#### [What needs to be done]
Look below for the line holding "养生堂 成长快乐牌复合维生素软糖 80片 果味型 补充多种维生素锌" and the line holding "代表团访问期间,学校举行了南". Repeat those two and everything between, exactly.

#### [Data records]
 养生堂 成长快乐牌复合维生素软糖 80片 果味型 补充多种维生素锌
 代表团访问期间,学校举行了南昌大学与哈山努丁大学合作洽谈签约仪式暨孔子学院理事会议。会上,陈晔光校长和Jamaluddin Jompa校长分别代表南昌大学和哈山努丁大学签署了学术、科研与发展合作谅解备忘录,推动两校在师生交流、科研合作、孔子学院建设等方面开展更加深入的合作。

--

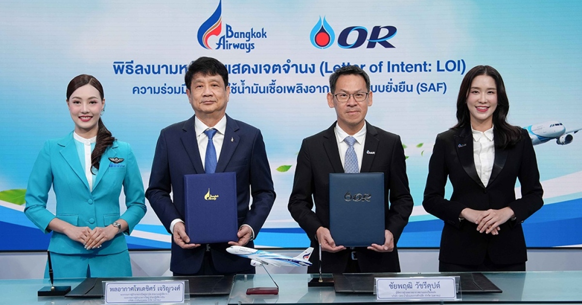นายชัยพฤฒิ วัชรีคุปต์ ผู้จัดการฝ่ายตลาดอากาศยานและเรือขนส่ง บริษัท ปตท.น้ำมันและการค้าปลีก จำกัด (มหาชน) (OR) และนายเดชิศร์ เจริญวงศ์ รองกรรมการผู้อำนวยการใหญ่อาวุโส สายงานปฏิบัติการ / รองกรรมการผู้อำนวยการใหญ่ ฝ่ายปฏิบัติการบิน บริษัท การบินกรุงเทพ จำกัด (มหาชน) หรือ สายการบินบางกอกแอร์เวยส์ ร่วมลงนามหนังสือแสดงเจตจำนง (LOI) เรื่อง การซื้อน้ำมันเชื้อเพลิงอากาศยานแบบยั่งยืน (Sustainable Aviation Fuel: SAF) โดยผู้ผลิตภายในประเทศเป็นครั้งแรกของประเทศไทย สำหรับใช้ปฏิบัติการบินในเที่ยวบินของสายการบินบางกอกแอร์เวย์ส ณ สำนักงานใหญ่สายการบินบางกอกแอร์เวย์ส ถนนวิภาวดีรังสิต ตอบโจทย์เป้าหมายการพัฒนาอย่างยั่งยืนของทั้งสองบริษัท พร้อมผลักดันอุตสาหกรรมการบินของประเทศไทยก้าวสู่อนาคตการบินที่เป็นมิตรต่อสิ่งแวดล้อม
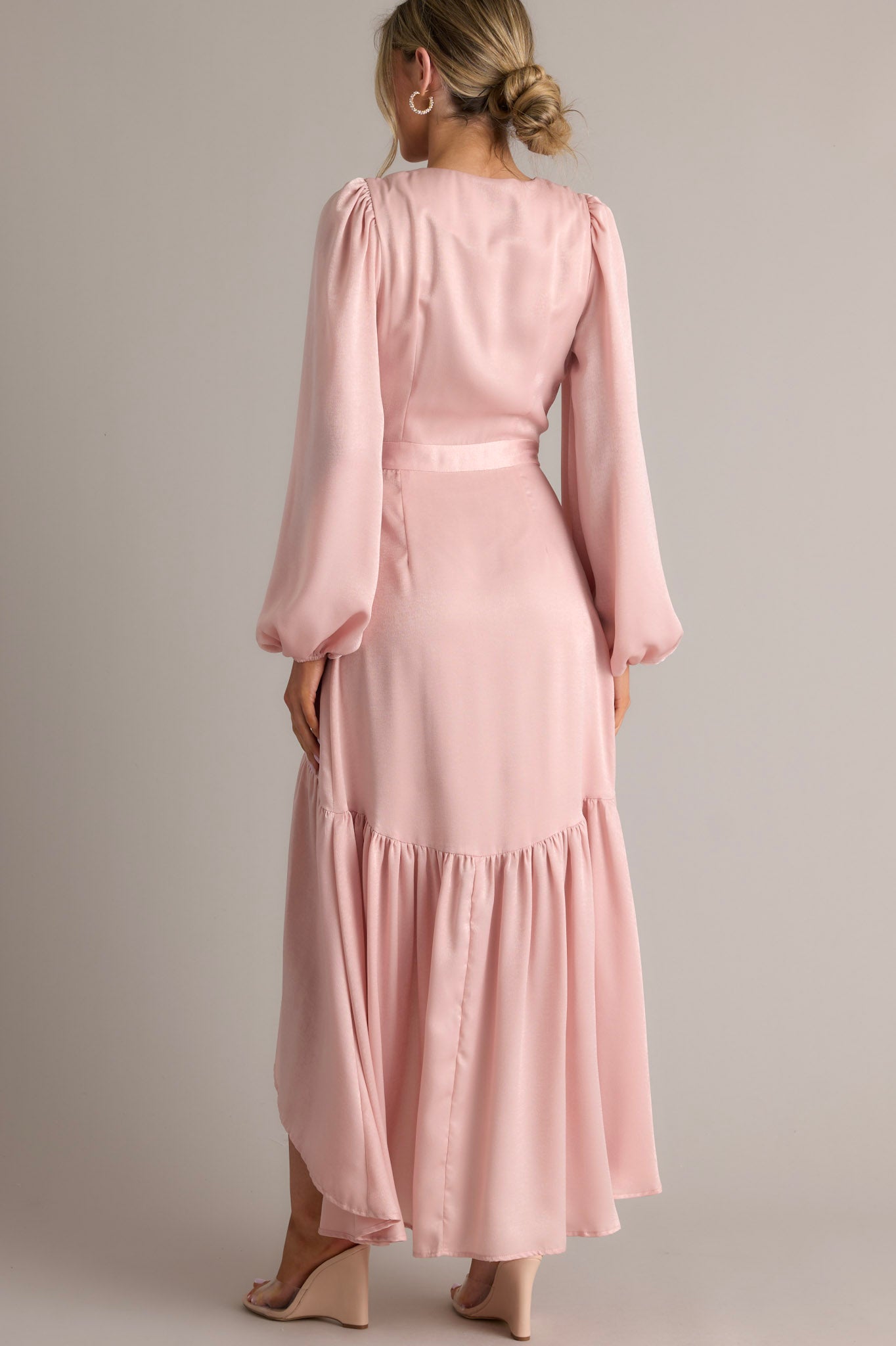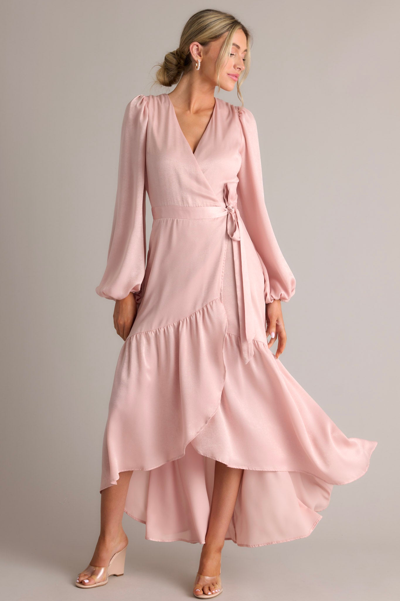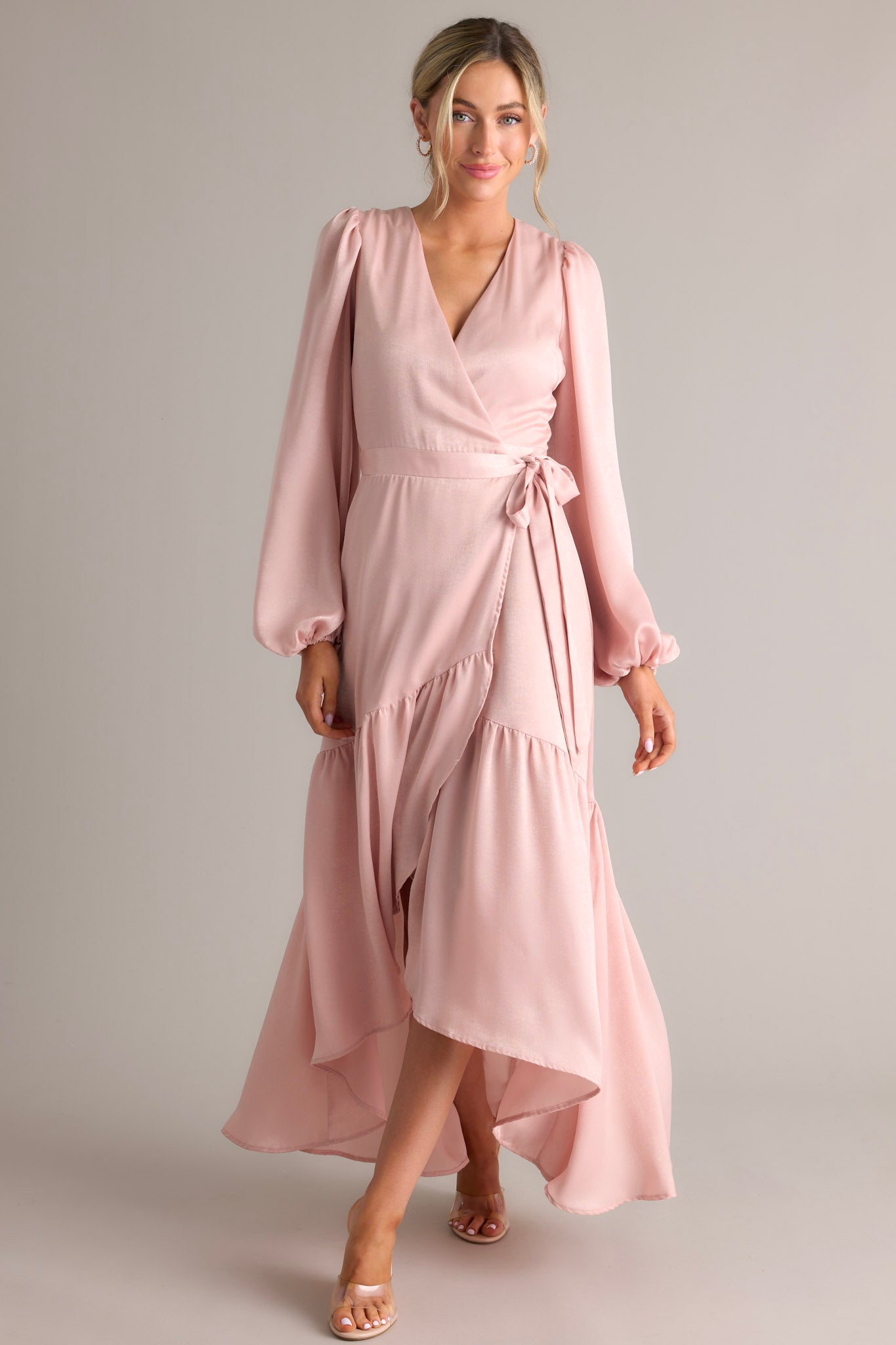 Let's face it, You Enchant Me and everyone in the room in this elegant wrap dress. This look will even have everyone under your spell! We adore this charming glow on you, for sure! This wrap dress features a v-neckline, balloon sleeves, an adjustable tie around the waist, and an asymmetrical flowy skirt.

* * *

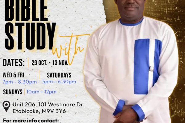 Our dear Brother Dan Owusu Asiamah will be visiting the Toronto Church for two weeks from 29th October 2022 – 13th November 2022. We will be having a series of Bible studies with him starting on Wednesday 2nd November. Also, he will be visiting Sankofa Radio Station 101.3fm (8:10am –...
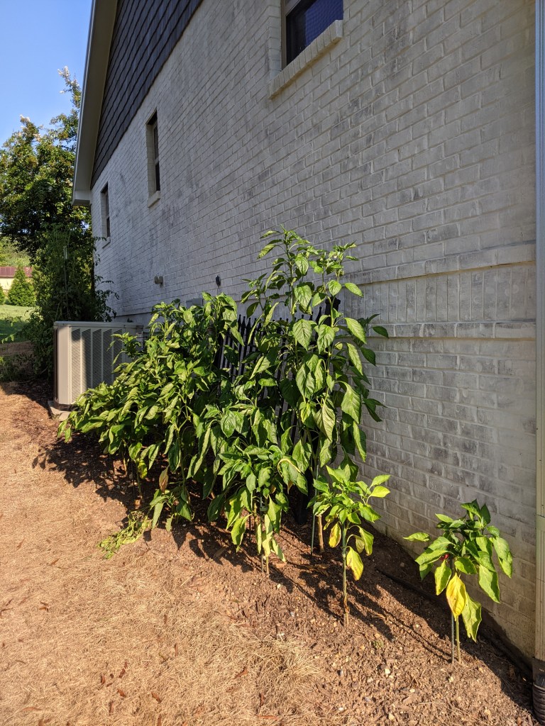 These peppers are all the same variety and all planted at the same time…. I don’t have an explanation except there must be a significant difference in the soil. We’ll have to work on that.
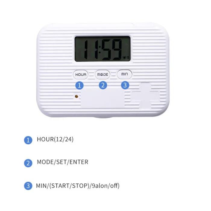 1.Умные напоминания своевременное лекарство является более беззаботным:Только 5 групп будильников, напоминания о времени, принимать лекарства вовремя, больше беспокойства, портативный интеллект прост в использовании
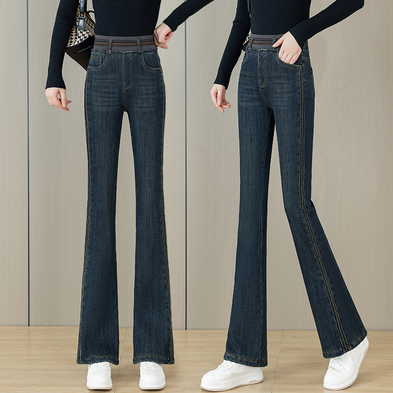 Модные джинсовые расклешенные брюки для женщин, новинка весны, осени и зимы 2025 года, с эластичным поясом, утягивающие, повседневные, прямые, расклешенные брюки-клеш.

#### [Answer to this problem]
 养生堂 成长快乐牌复合维生素软糖 80片 果味型 补充多种维生素锌
 代表团访问期间,学校举行了南昌大学与哈山努丁大学合作洽谈签约仪式暨孔子学院理事会议。会上,陈晔光校长和Jamaluddin Jompa校长分别代表南昌大学和哈山努丁大学签署了学术、科研与发展合作谅解备忘录,推动两校在师生交流、科研合作、孔子学院建设等方面开展更加深入的合作。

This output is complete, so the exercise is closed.